It is worth noting that the government-backed Growth Guarantee Scheme, administered through the British Business Bank, provides lenders with a partial government guarantee on loans to eligible smaller businesses. This can help companies that might otherwise struggle to access finance, though the scheme does not eliminate personal guarantee requirements on the lender's side — it simply reduces the lender's risk exposure, potentially allowing them to lend to businesses they might otherwise decline.

## The Bottom Line

UK limited companies have access to a more varied borrowing toolkit than sole traders, and the key question for any director should not simply be "can we get finance?" but "at what cost to our personal finances?" Bank overdrafts and traditional term loans from high-street lenders remain useful but frequently come bundled with personal guarantees that undermine limited liability. Invoice finance, asset finance, and merchant cash advances all offer structures where personal exposure is reduced or eliminated by design.

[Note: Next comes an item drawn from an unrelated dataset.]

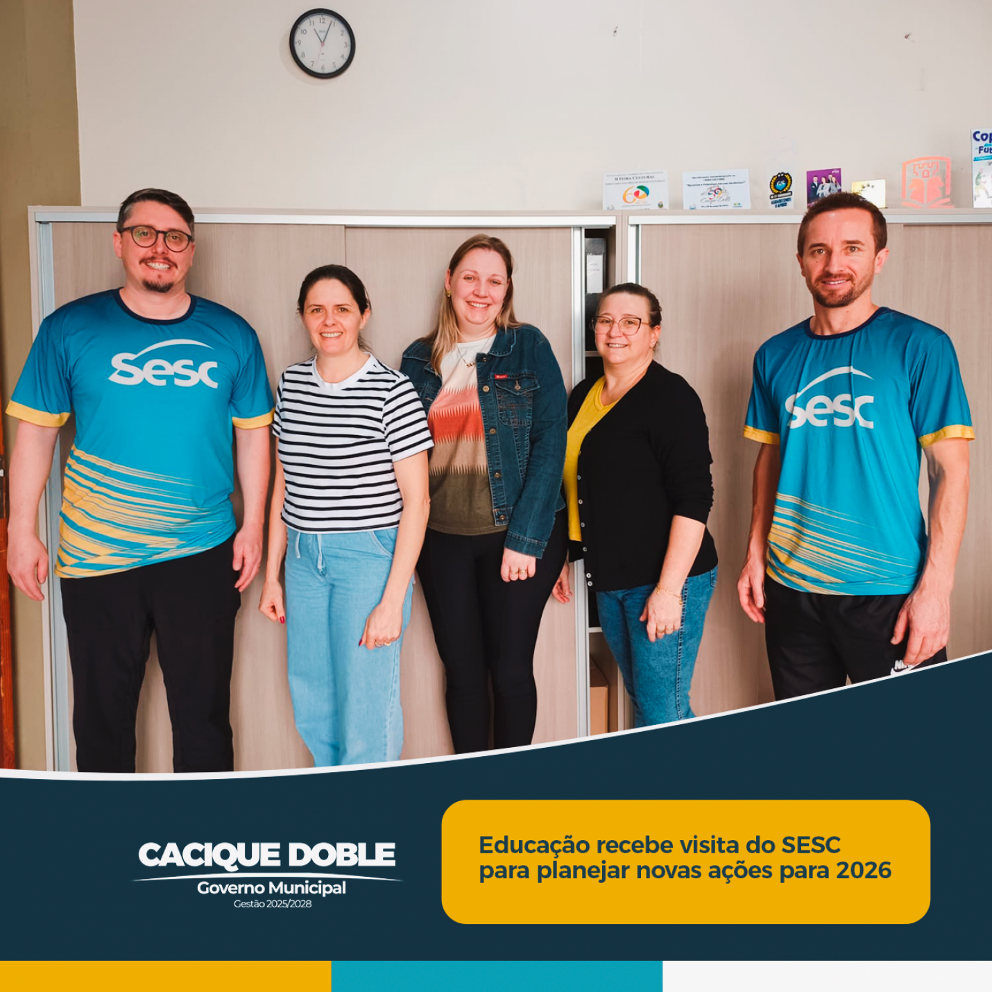 Acreditando no poder transformador da educação aliada ao esporte, nesta quinta-feira, 4 de setembro, a Secretaria Municipal de Educação de Cacique Doble recebeu a visita de representantes do SESC, com o objetivo de avaliar a viabilidade de novas ações esportivas para o ano de 2026, fortalecendo a prática de atividades que unem aprendizado, saúde, integração e cidadania.

For genuinely company-level short-term borrowing — where the director is entirely removed from personal liability — the emergence of specialist lenders like [Credicorp](https://credicorp.co.uk) represents a meaningful shift in what is available to UK limited companies. Understanding this landscape before you need capital, rather than after, puts a company in a considerably stronger position when growth or cashflow pressure arrives.

## Frequently asked questions

### Can a UK limited company borrow money without the director signing a personal guarantee?

Yes, in certain cases. Products such as merchant cash advances, non-recourse invoice factoring, and some specialist short-term loan providers explicitly do not require a personal guarantee from the director. Lenders assess the creditworthiness of the company itself — its trading history, turnover, and cash flow — rather than relying on the director's personal assets as a backstop. Eligibility criteria vary, but limited companies with at least six months of trading history and a clean business bank account are often well-placed to apply.

### What is the difference between invoice factoring and invoice discounting for a limited company?

With invoice factoring, the finance provider takes over the management of your sales ledger and collects payment directly from your customers. With invoice discounting, you retain control of credit control and the arrangement is typically confidential — your customers are unaware a lender is involved. Both release cash tied up in unpaid invoices, but factoring tends to suit smaller companies that want to outsource credit management, while discounting is more common among established businesses with robust internal finance teams.

### How quickly can a UK limited company access a short-term unsecured loan?

With specialist alternative lenders, same-day funding is increasingly common. Providers that operate as direct lenders with automated underwriting — rather than routing applications through brokers — can make a credit decision within hours of receiving a completed application and transfer funds on the same day once the offer is accepted. Traditional high-street banks typically take longer, often several days to weeks, particularly for new customers.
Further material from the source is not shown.